Robots.txt and special files, the rules to avoid mistakes
Let’s go back to SEO basics thanks to the new #askGoogleWebmaster pill, the series in which John Mueller answers a question asked by the SEO community. In the last episode we talk about the file Robots.txt and, to be precise, the best practices for the management of certain types of files and extensions, such as .css and .htacess, and the Googler tells us what is the right way to take in these cases. That is, whether it is better to leave access to Googlebot or prevent its scanning of those pages.
Using the disallow for special files?
It all starts, as mentioned, from the question of a user, who asks the Google Senior Webmaster Trends Analyst how to behave with respect to the file robots.txt and “whether to disallow files like /*.css$, /php.ini and /.htaccess“, and therefore, more generally, how to manage these special files.

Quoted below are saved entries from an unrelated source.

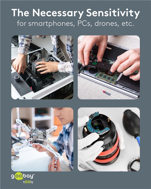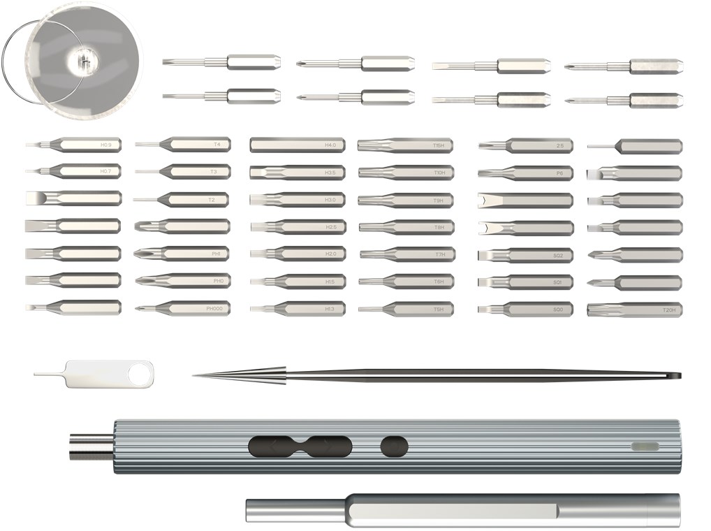 - Zawartość zestawu śrubokrętów: Dodatkowy śrubokręt ręczny, przyssawka, igła SIM, narzędzie dźwigniowe (otwieracz obudowy) i pęseta ESD-12 do prac precyzyjnych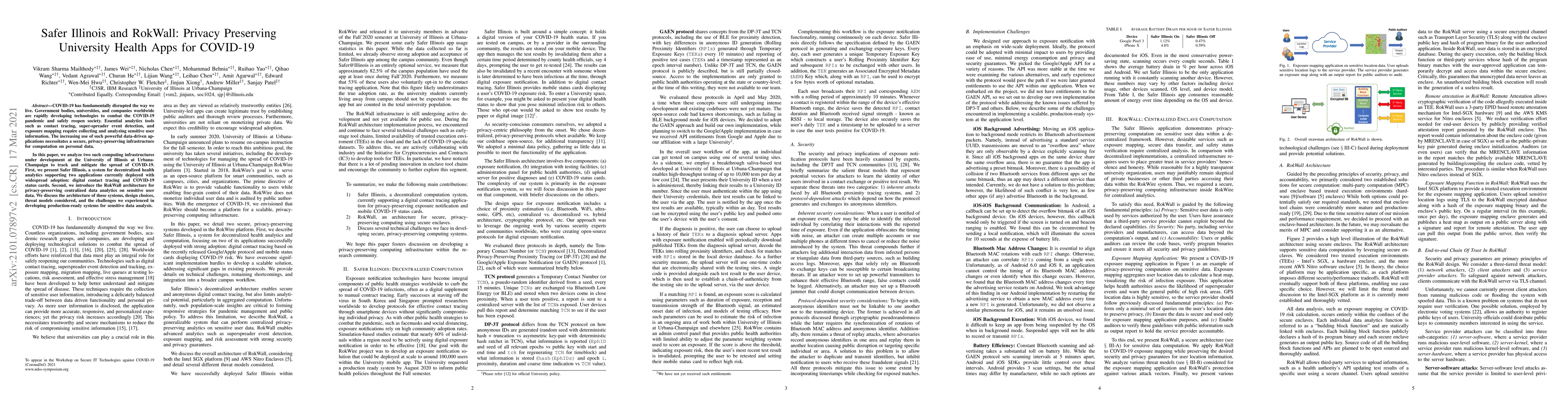This paper examines two privacy-preserving health analytics systems developed by the University of Illinois to combat COVID-19: Safer Illinois for decentralized contact tracing and RokWall for centralized data analytics. It discusses their architectures, design choices, and the challenges faced in creating secure systems for sensitive data analysis.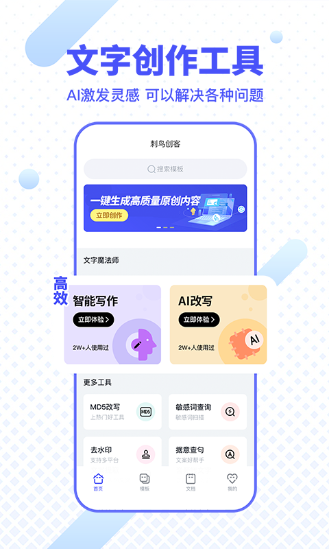 2. 选择功能:在主页选择“智能写作”、“ai改写”或“文章续写”等功能。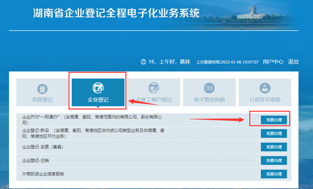 | 湖南省企业登记全程电子化业务系统一网通办 |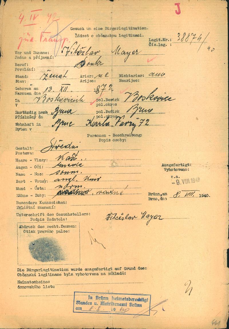 Moravský zemský archiv Brno > Policejní ředitelství Brno > Žádosti židovských občanů určených k transportu o občanské legitimace > Mayer Siegfried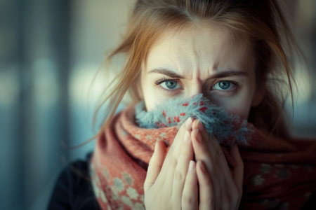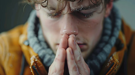 Close-up portrait of a man bundled up in a cozy scarf and hat, experiencing the chill of winter with frost on his breath and hands, capturing an emotional moment.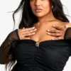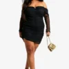 BOOHOO Plus Mesh Off Shoulder Trim Ruched Bodycon Dress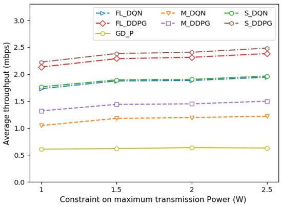 Comparison of average throughput under different power constraints.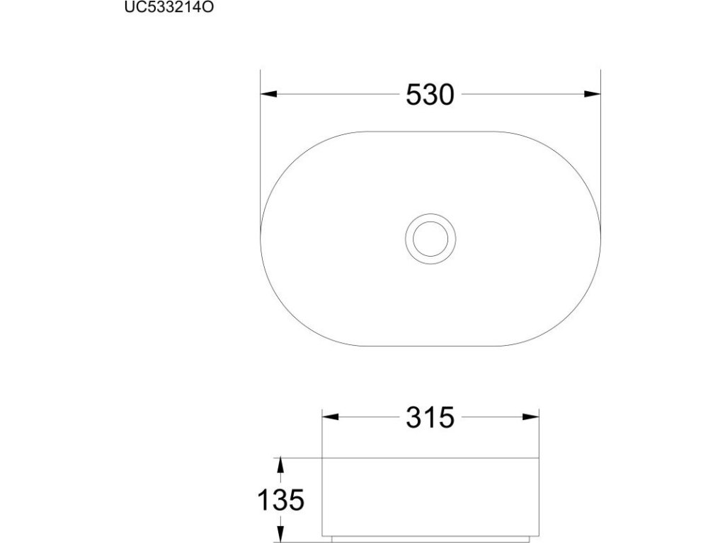 Mereo Umyvadlo na desku bez přepadu, 530x315x135 mm, oválné, keramické UC533214O

John Mueller first answers with the usual irony, saying that he cannot “prevent from preventing” access to such files (literally, “I can’t disallow you from disallowing those files”), then go into a little more detail and offer his real opinion, because that approach seems to be “a bad idea“.
The negative effects of unwanted blocks
In some cases, the disallow of special files is simply redundant and therefore unnecessary, but in other circumstances it could seriously compromise the ability of Googlebot to scan a site, with all the consequent negative effects.
The procedure that the user has in mind risks in fact to cause damage to the crawling capacity of Googlebot, and therefore to affect the understanding of the pages, the correct indexing and, last but not least, the ranking.
What the disallow on special files means
Mueller quickly explains what it means to proceed with that disallow and what may be the consequences for Googlebot and the site.
- disallow: /*.css$
would deny access to all CSS files: Google must instead have the ability to access CSS files, so that it can correctly render the pages of the site. This is crucial, for example, to be able to recognize when a page is optimized for mobile devices. The Googler adds that “generally the are not indexed, but we must be able to scan it”.
So, if the concern of site owners and webmasters is to disallow CSS files to prevent them from being indexed, Mueller reassures them by saying that this usually does not happen. On the contrary, blocking them complicates the life of Google, which needs the file regardless, and in any case even if a CSS file ends up being indexed will not damage the site (or at least less than the opposite case).
- disallow: /php.ini
php.ini is a configuration file for PHP. In general, this file must be locked or locked in a special location so that no one can access it: this means that even Googlebot does not have access to that resource. So, forbidding the scanning of /php.ini in the robots.txt file is simply redundant and unnecessary.
- disallow: /.htaccess
as in the previous case, .htaccess too is a special control file, blocked by default which therefore does not offer external access, even to Googlebot. Then, there is no need to use disallow explicitly because the bot cannot access or scan it.
Do not use a Robots.txt file copied from another site
Before concluding the video, John Mueller offers some thoughts and a precise suggestion for proper management of the robots.txt file.
The message is clear: do not recklessly copy and reuse a robot.txt file from another site simply assuming that it will be fine for your own. The best way to avoid errors is to think carefully “which parts of your site you want to avoid scanning” and then use disallow accordingly to prevent access to Googlebot.